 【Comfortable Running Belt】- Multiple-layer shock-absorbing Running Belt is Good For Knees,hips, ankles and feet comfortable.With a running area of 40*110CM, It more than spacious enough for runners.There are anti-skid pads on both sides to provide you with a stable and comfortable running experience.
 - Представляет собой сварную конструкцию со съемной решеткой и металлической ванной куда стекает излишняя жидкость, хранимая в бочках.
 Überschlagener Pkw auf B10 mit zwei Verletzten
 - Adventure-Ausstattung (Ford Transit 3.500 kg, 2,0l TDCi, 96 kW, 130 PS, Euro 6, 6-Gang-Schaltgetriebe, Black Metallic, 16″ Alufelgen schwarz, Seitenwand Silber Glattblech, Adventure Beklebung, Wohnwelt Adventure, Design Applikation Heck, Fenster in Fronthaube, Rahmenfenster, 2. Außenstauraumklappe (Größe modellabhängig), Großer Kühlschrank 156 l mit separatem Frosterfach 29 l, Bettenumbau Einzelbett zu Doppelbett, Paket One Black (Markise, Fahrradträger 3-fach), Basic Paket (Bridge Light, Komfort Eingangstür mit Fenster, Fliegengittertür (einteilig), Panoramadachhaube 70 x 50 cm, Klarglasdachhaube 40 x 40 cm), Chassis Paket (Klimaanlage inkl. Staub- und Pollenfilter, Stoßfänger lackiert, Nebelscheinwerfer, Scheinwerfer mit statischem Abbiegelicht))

--

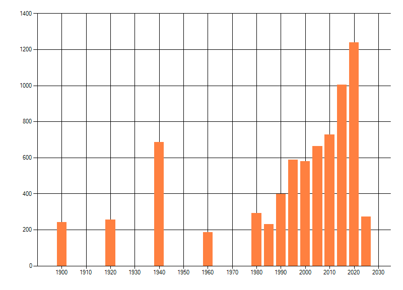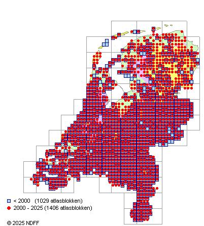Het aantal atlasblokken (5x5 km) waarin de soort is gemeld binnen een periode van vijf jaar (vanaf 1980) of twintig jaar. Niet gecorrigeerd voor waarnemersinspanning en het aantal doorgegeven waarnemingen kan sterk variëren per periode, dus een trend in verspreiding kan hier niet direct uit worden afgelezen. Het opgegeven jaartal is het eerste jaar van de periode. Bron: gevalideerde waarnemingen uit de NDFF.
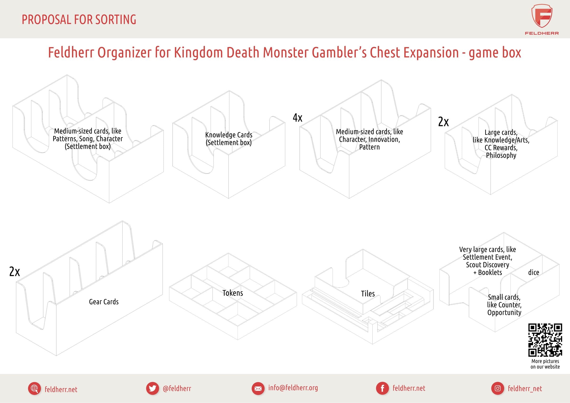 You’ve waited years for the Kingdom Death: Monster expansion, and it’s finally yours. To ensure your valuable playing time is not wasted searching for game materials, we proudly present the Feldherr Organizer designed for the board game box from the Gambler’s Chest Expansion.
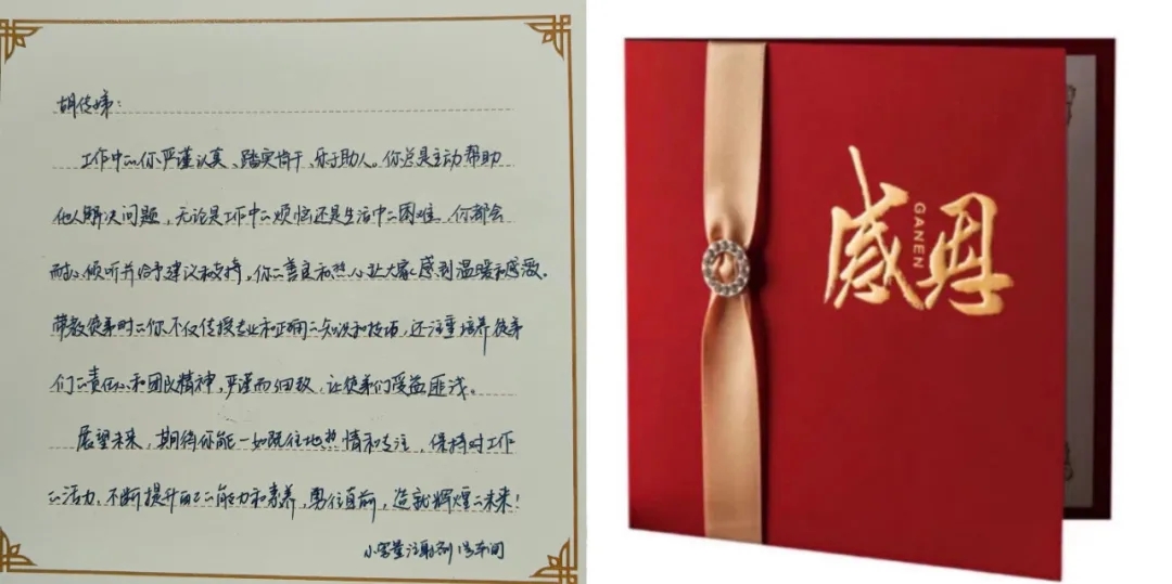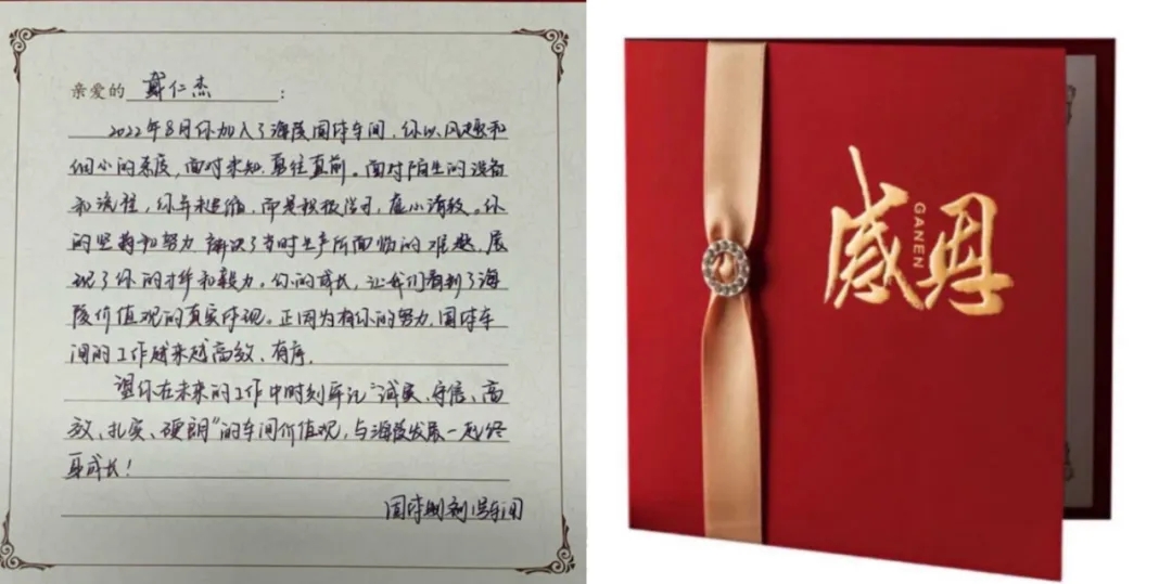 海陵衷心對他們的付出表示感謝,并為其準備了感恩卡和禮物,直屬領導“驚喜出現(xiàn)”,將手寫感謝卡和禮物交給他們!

---

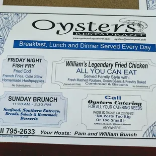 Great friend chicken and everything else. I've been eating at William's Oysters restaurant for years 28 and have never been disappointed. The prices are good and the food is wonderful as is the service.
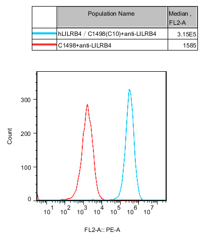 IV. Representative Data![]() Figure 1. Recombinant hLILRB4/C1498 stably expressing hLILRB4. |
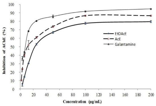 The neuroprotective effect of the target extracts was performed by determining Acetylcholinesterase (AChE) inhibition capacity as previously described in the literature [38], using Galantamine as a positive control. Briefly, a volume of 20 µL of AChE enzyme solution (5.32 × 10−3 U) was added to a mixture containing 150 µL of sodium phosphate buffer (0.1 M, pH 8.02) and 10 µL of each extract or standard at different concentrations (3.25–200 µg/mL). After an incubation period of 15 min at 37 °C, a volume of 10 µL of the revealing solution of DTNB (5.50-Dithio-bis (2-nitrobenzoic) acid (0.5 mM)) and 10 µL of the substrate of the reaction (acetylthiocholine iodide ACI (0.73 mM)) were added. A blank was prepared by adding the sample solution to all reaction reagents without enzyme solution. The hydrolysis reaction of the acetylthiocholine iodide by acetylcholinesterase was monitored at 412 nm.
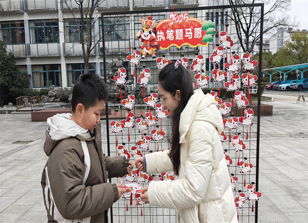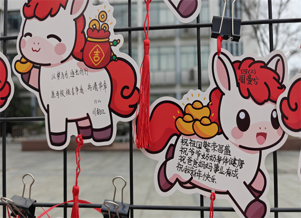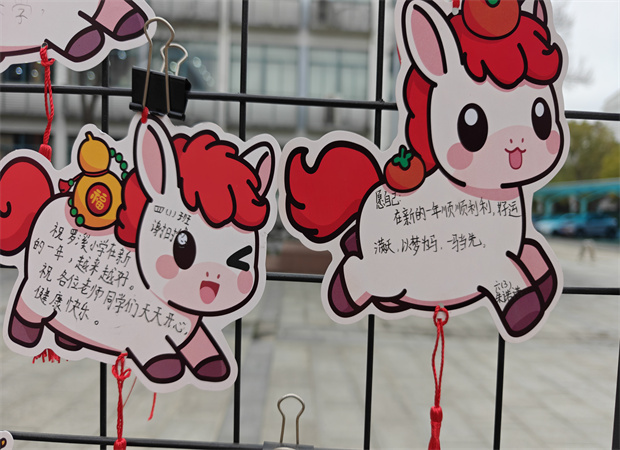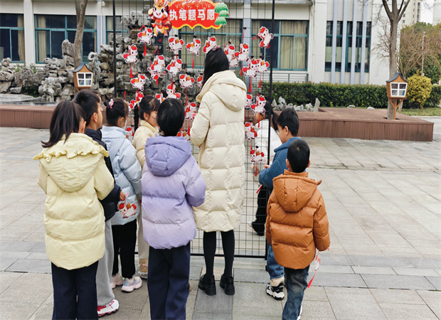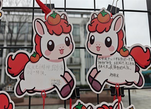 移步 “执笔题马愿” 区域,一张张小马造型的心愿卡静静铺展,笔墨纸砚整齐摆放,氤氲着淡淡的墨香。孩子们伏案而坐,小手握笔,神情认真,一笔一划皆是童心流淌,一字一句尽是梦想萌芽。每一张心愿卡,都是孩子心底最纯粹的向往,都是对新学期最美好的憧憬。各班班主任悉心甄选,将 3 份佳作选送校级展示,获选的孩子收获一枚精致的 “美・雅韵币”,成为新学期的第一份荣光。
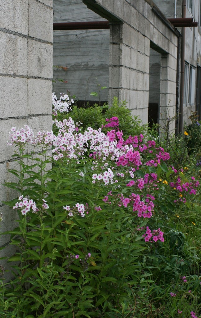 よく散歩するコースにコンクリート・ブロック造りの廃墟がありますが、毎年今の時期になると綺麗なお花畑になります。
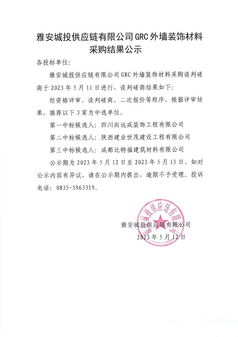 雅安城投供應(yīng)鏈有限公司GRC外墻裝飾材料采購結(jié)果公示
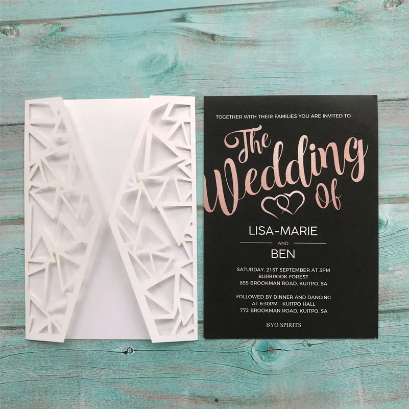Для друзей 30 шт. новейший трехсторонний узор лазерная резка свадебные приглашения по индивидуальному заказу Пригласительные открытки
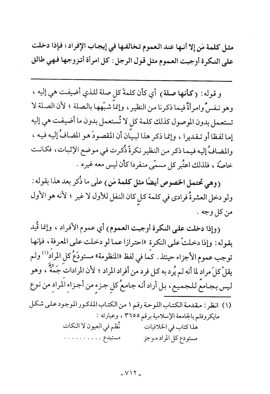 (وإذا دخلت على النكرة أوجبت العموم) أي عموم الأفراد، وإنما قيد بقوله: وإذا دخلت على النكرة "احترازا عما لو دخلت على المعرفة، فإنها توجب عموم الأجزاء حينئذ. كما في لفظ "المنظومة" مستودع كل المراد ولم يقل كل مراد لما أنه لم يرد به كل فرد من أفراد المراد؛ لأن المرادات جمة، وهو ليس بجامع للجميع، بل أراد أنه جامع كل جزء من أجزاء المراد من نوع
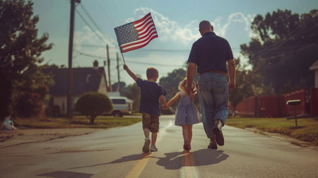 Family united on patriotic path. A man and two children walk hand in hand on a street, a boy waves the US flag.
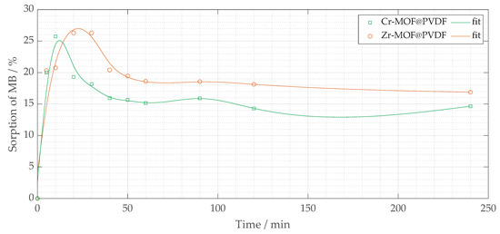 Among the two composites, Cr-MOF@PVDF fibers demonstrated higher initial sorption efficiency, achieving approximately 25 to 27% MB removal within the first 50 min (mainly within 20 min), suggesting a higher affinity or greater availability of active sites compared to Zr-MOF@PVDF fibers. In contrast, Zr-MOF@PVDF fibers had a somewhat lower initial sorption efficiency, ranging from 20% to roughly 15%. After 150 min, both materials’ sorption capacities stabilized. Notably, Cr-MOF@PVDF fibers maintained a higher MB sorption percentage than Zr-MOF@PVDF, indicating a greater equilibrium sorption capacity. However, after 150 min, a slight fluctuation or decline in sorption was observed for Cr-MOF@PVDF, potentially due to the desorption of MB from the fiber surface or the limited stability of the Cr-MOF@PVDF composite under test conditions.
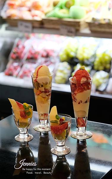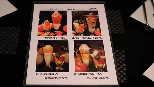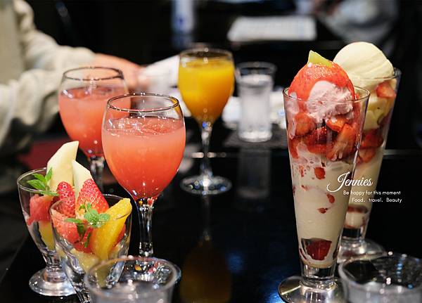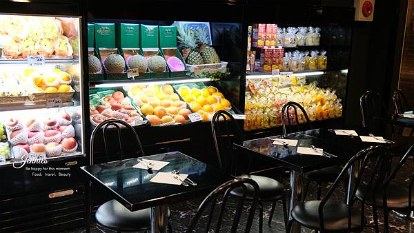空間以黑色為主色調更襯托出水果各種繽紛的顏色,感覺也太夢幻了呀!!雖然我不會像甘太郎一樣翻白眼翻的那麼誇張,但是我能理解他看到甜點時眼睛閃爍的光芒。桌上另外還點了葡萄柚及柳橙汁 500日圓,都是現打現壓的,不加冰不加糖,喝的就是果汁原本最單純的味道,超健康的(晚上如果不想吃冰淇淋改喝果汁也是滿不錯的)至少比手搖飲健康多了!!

### PROBLEM STATEMENT
Would you copy out exactly the lines above that start at the one containing "comfortable running experience." and end at the one containing "Überschlagener Pkw auf", inclusive?

### TASK OUTPUT
 【Comfortable Running Belt】- Multiple-layer shock-absorbing Running Belt is Good For Knees,hips, ankles and feet comfortable.With a running area of 40*110CM, It more than spacious enough for runners.There are anti-skid pads on both sides to provide you with a stable and comfortable running experience.
 - Представляет собой сварную конструкцию со съемной решеткой и металлической ванной куда стекает излишняя жидкость, хранимая в бочках.
 Überschlagener Pkw auf B10 mit zwei Verletzten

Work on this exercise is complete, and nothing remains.